TASK INPUTS
╔══
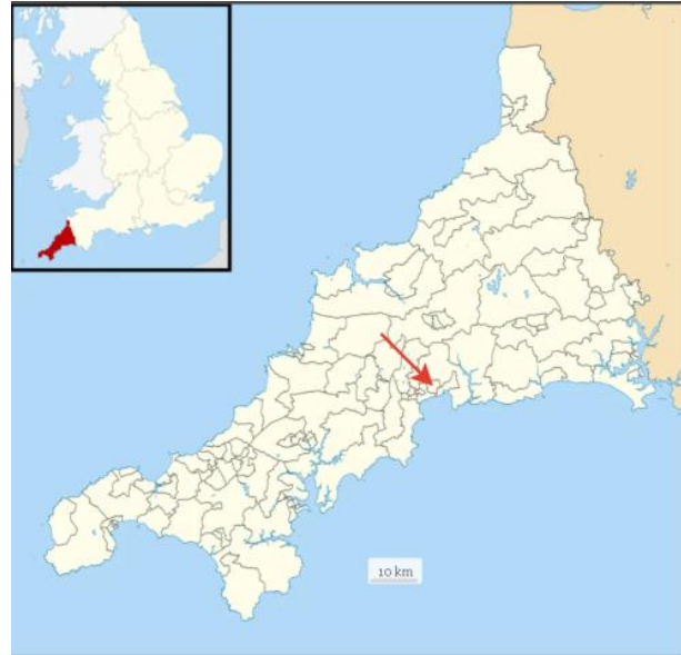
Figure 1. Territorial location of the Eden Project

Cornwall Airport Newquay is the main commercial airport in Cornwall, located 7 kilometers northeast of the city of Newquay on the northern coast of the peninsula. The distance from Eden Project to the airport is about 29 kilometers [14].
╚══
╔══
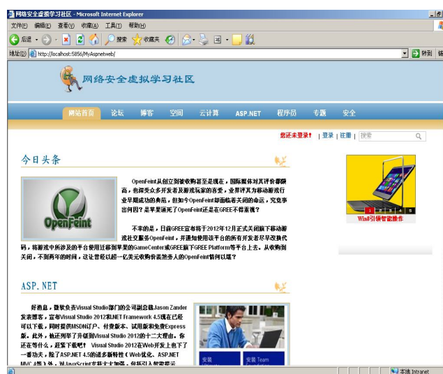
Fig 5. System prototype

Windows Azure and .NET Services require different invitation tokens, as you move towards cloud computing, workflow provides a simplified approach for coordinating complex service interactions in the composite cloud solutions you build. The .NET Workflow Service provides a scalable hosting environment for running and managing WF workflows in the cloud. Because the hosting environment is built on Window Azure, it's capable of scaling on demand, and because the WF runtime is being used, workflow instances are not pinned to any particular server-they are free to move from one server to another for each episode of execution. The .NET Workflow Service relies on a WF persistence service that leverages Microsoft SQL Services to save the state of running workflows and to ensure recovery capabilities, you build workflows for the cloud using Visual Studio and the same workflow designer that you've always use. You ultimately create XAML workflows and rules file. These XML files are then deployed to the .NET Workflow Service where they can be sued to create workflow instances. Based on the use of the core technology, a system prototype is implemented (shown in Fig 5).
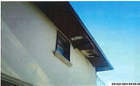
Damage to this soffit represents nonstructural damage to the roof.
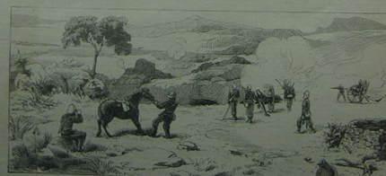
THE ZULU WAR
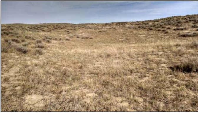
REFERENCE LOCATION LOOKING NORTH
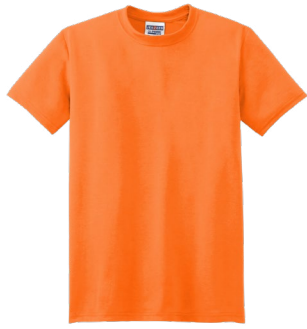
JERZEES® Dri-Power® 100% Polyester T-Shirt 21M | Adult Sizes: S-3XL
╚══
TASK BRIEF
Write down exactly what the lines above say, from the line holding "REFERENCE LOCATION LOOKING NORTH" through the line holding "JERZEES® Dri-Power® 100%", and nothing more. Do not copy the pictures.

PROBLEM SOLUTION
REFERENCE LOCATION LOOKING NORTH
JERZEES® Dri-Power® 100% Polyester T-Shirt 21M | Adult Sizes: S-3XL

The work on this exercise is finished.